START Data shown

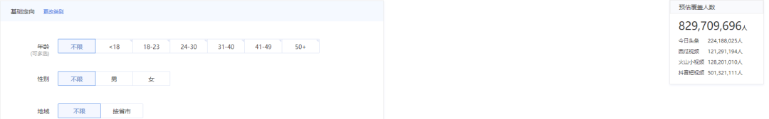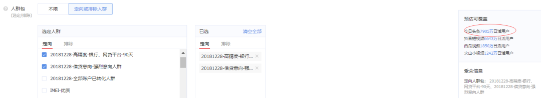 提示:這幾個人群包可以單獨用,也可以合在一起用。但是要看一下預估人群范圍:如果過小(小於百萬級就是過小)會很難花錢,最好和別的人群包一起使用;如果大於1個億參考意義就很弱了,包太大了、要分開使用。
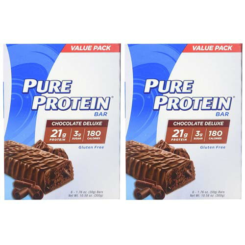 Pure Protein ピュアプロテイン・バー・Chocolate Deluxe(チョコレートデラックス) 50g×6本 2箱セット(プロテイン21g 180cal)
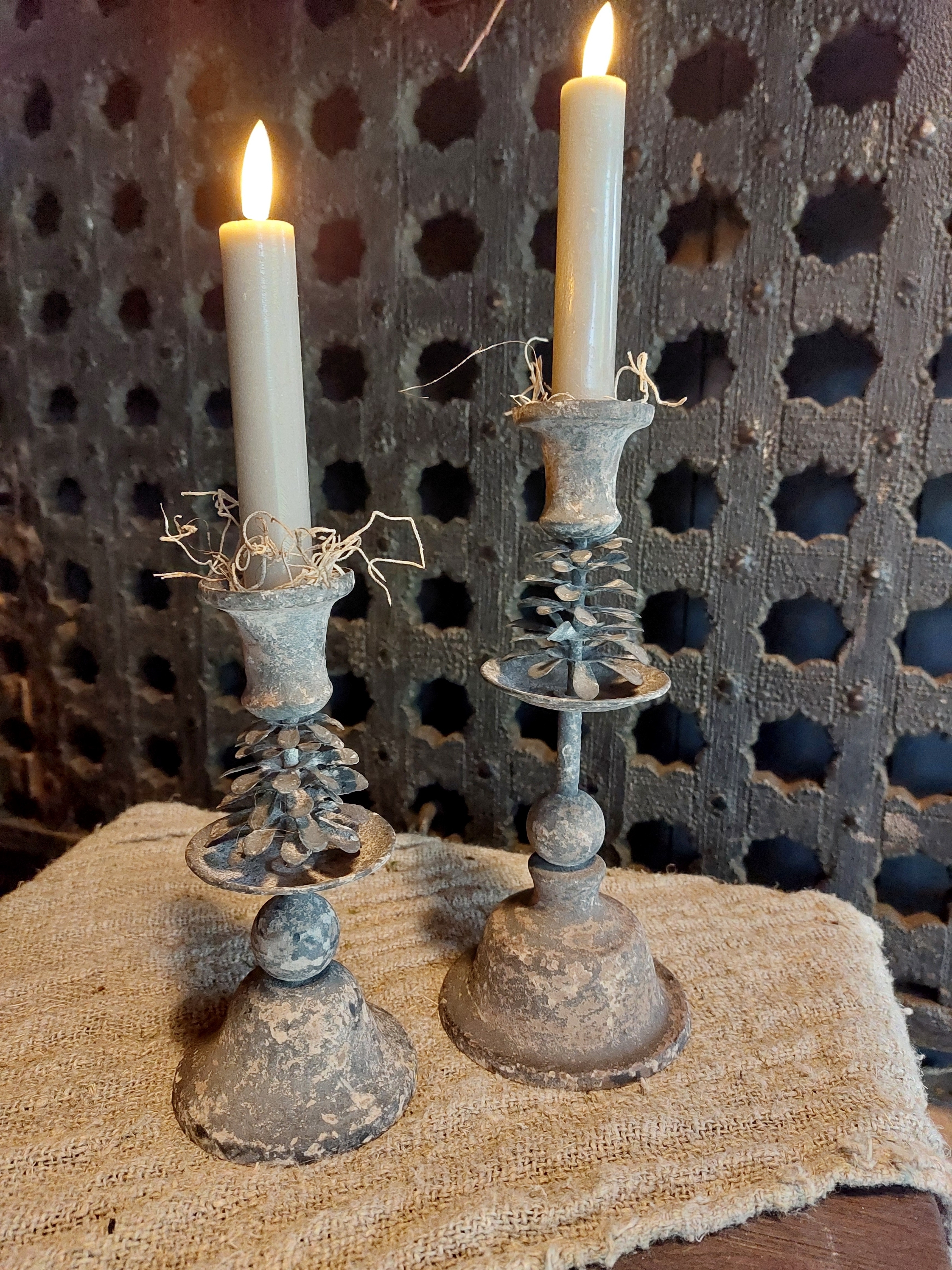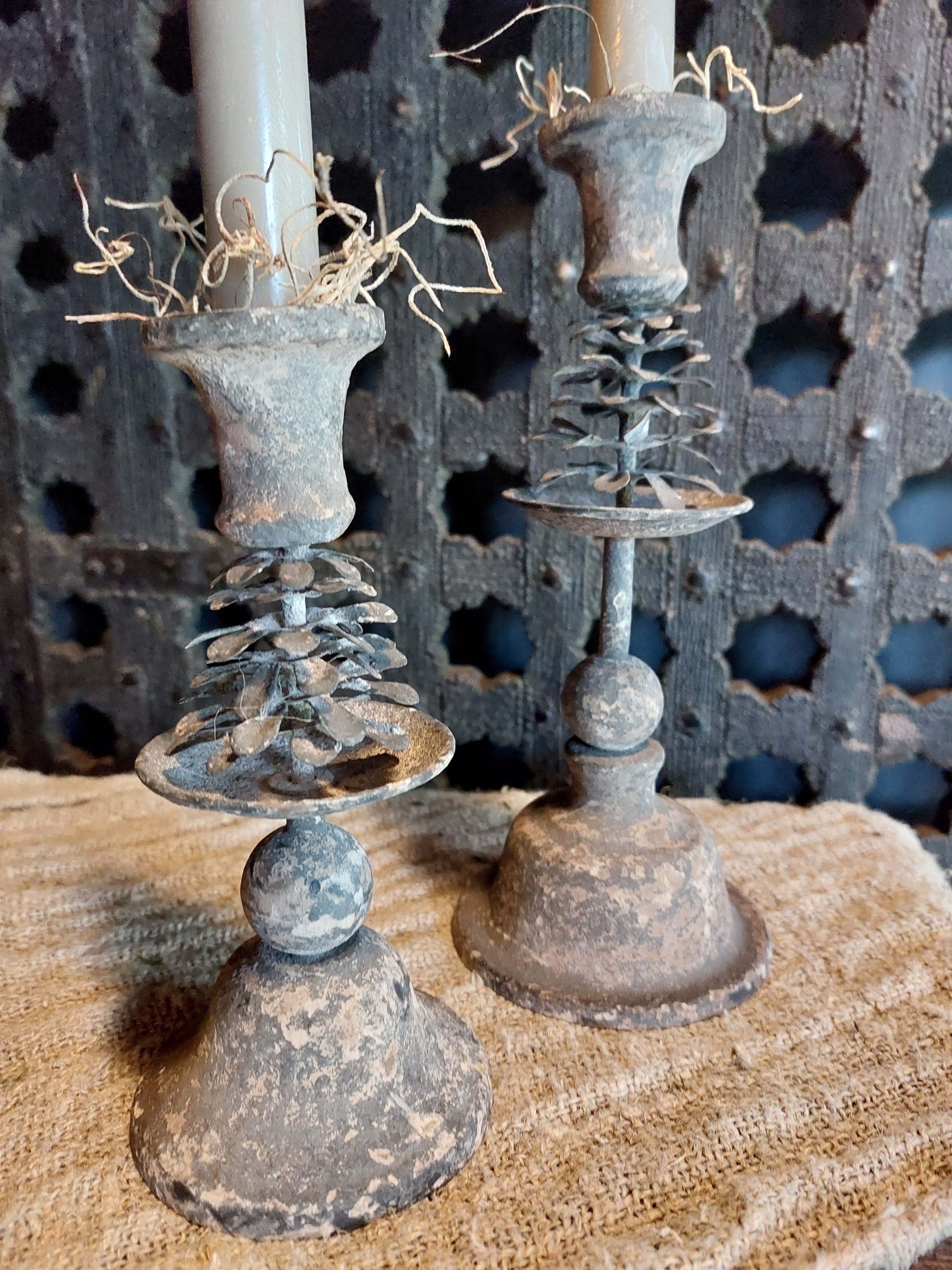 Breng warmte en sfeer in huis met deze prachtige dennenappel kandelaar. Het stoere metaal met doorleefde uitstraling en het unieke ontwerp in de vorm van een dennenappel zorgen voor een blikvanger die perfect past in een sober landelijk interieur. Plaats er een dinerkaars in en creëer direct een sfeervol geheel op een sidetable, dressoir of in een vensterbank. Mooi om los neer te zetten, maar ook stijlvol in combinatie met de andere maat.
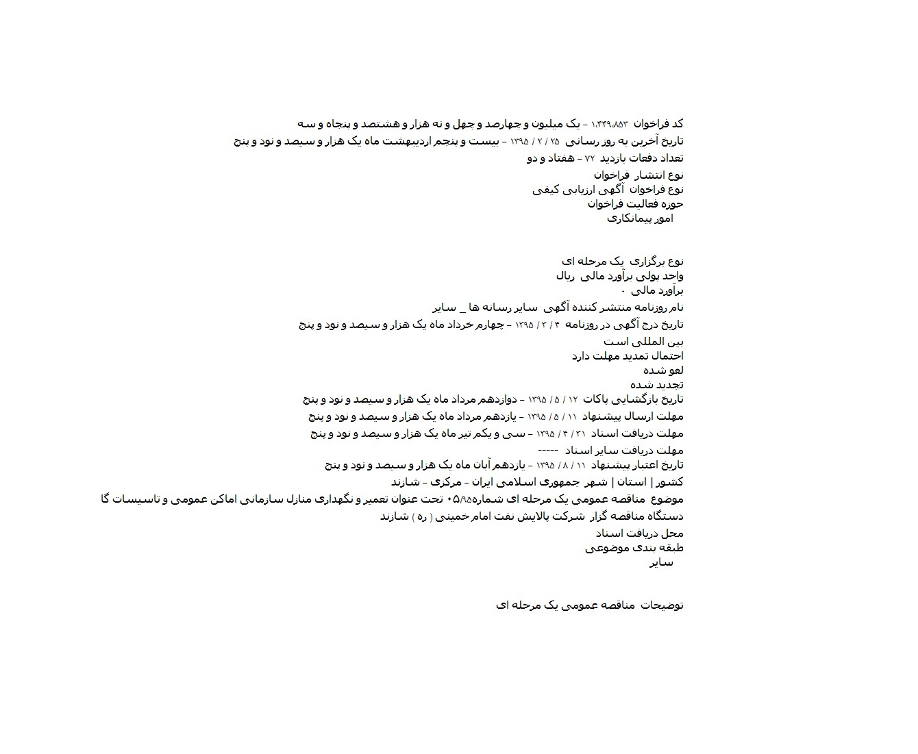 توضیحات مناقصه عمومی یک مرحله ای

END Data shown

What is expected: Exactly the lines from the top of the listing through the line holding "Pure Protein ピュアプロテイン・バー・Chocolate" should be repeated, with pictures left out.

Output for this exercise:
 提示:這幾個人群包可以單獨用,也可以合在一起用。但是要看一下預估人群范圍:如果過小(小於百萬級就是過小)會很難花錢,最好和別的人群包一起使用;如果大於1個億參考意義就很弱了,包太大了、要分開使用。
 Pure Protein ピュアプロテイン・バー・Chocolate Deluxe(チョコレートデラックス) 50g×6本 2箱セット(プロテイン21g 180cal)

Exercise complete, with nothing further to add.